TERMINALLY ill cancer patients are facing “severe” delays in receiving benefit payments under the Government’s flagship new welfare system for disabled people, with dozens of people dying before ever receiving payments, a leading charity has warned.
Macmillan Cancer Support branded delays in processing personal independence payment (PIP) claims “deplorable”, while the official responsible for the introduction of the system admitted to MPs that some patients with fatal conditions had suffered “awful experiences” because of a service that was “not up to standard”.
Minister for disabled people Mike Penning told the House of Commons Work and Pensions Committee that he wanted to cut the wait for PIP payments for terminally ill claimants to seven days, although he stressed that he was not setting this as a formal target.
PIP provides between £21 and £134 a week to help people aged 16-64 with some of the extra costs caused by long-term ill health or disability, and began replacing disability living allowance in April this year.
But Macmillan Cancer Support said a survey of 140 of its benefit advisers around the country found that 26 per cent of them were aware of one or more cases in which a patient died before receiving a payment.
Duleep Allirajah, head of policy at Macmillan Cancer Support, said: “Terminally ill cancer patients are facing severe delays in receiving their benefits under the new personal independence payment special rules claim.

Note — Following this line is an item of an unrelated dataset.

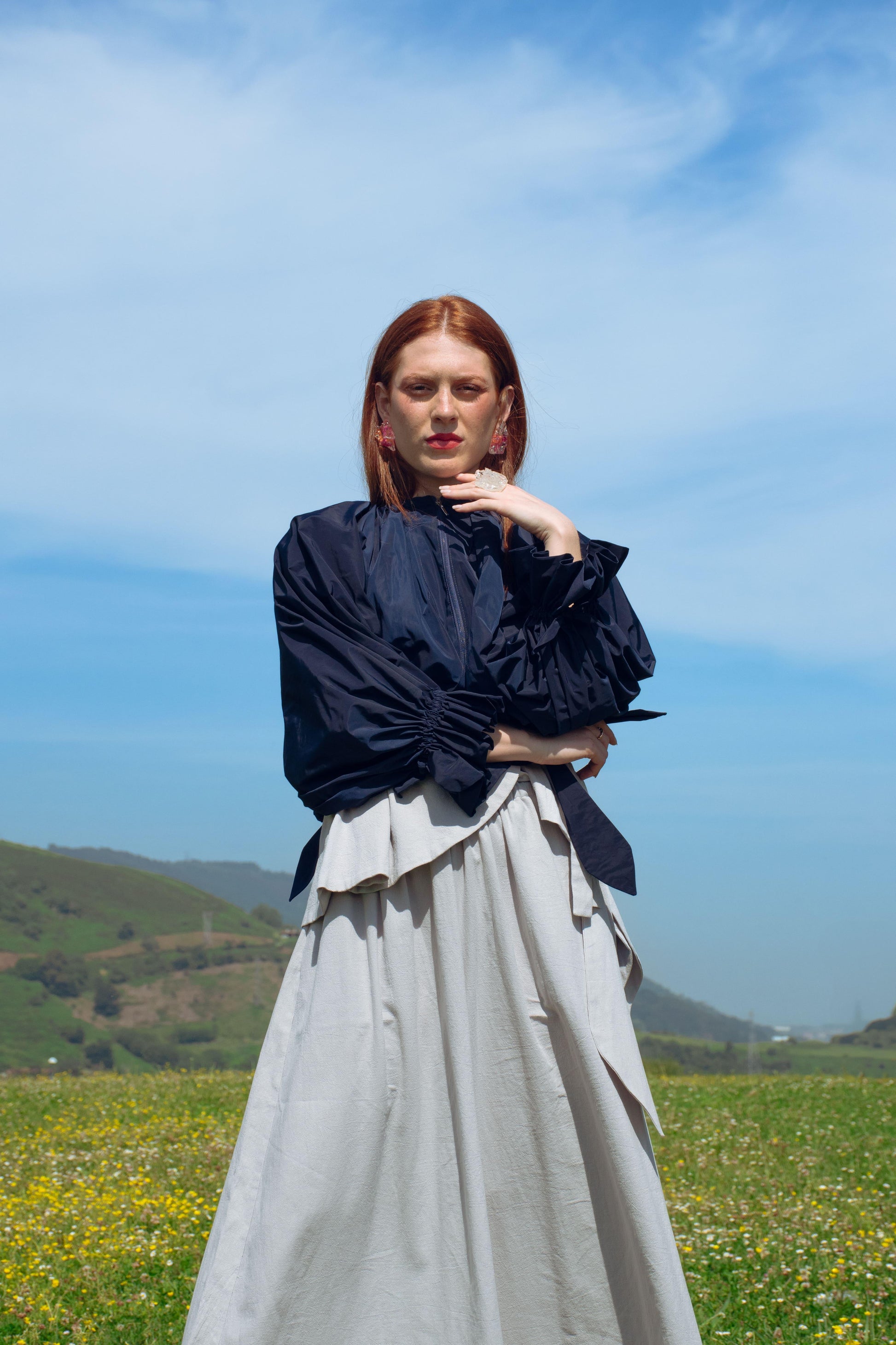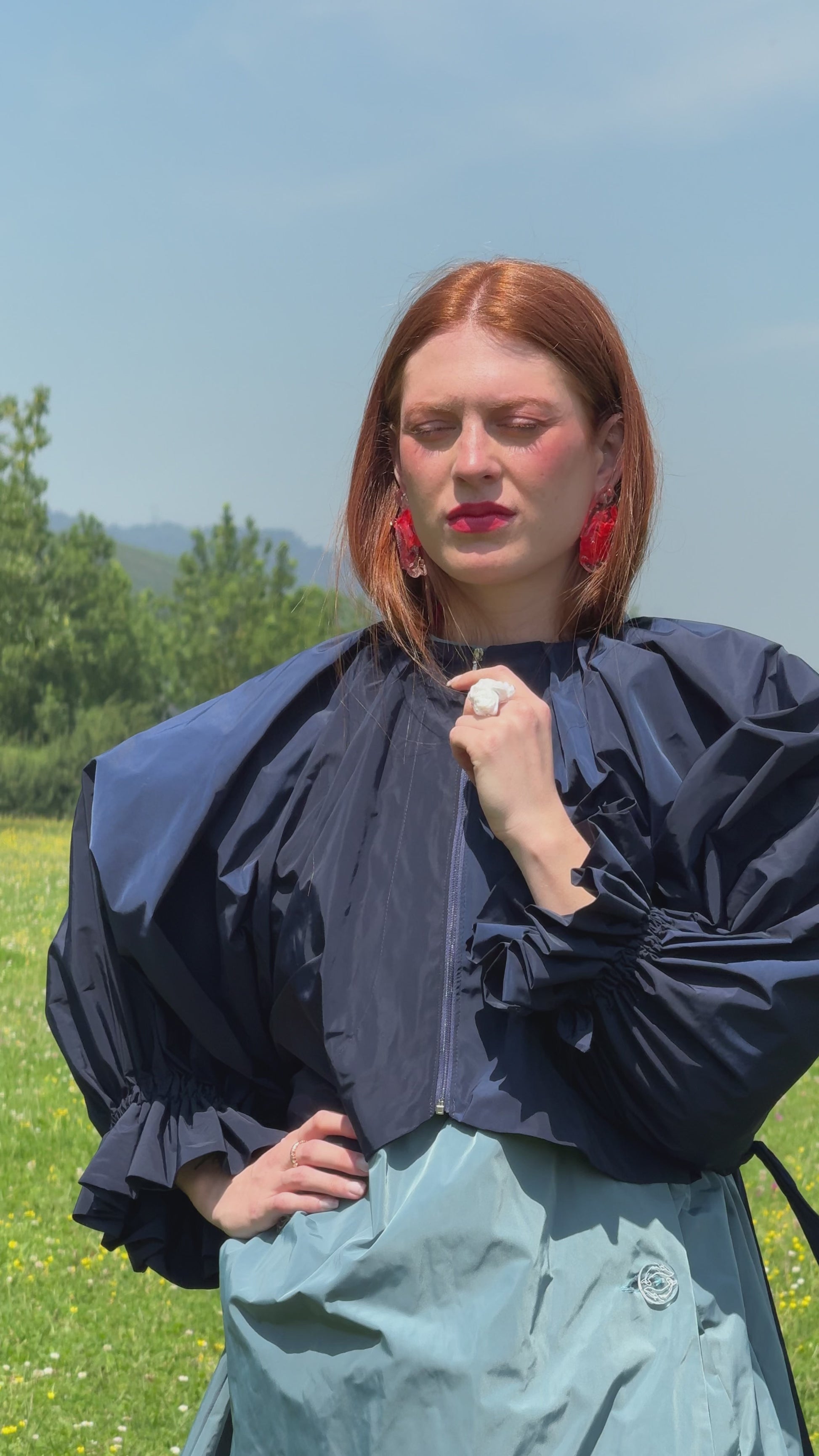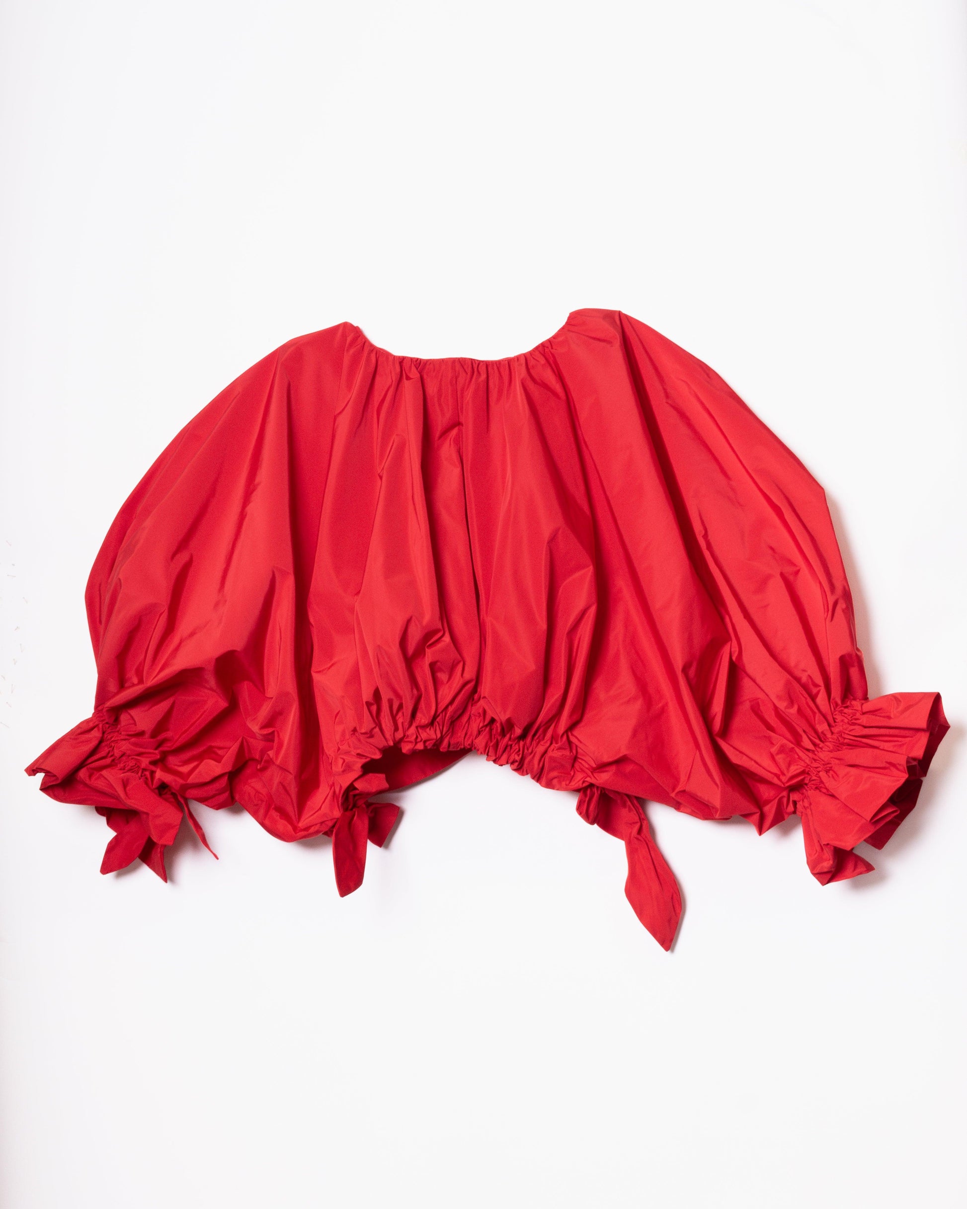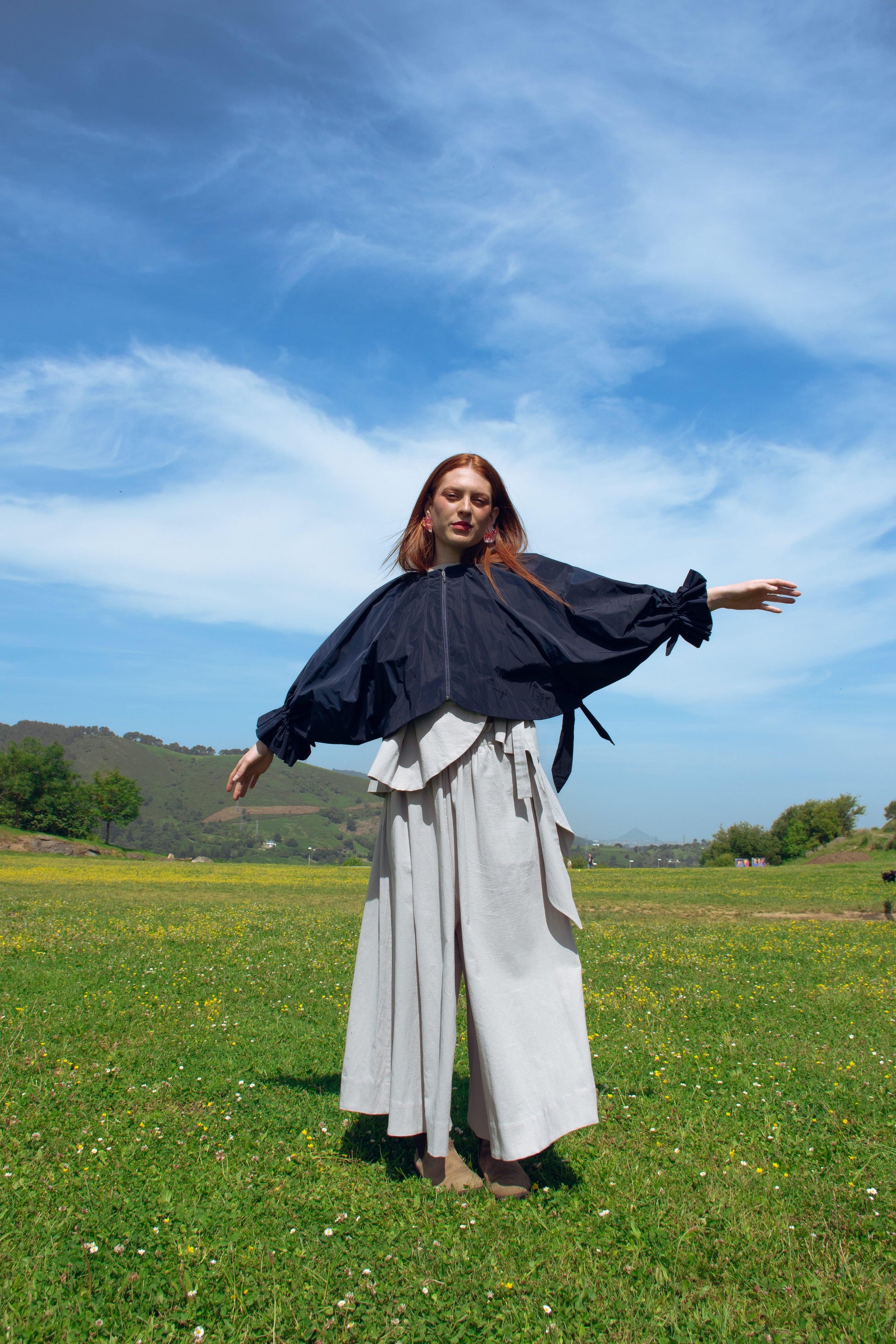 Superimposed garment, as an independent piece of the SEI base coat. The sleeves have great volume so much that they cover the entire front, raglan type. Central closure to be analyzed if using 3 loops of the same fabric or zipper. Balloon back hem with gathered elastic. Rubber on the cuff, generating a small 4cm ruffle, gathered so that it lies on the sleeve of the coat.

“Under the old system, cancer patients only had to wait 10 days maximum before receiving their benefits. We have raised these concerns with the Government and are hopeful that working together we can develop a solution. We want them to set targets to process all claims in eight to 10 days as a matter of urgency.”
Department for Work and Pensions benefits director Jason Feeney told the committee: “As the operational director for delivering PIP I would absolutely say that the service we gave to some terminally ill claimants at the beginning of PIP wasn’t up to standard and wasn’t where we would expect to be. I wouldn’t try to claim otherwise.
“There were some awful experiences that some people went through.
“We have made a number of changes to the process. We now have dedicated teams in our centres for terminally ill claimants.”
Mr Penning said: “As long as I am a minister, I want to see seven days. I can’t see any reason why we can’t hit seven days and they will have to explain to me why we can’t hit seven days, or even less.”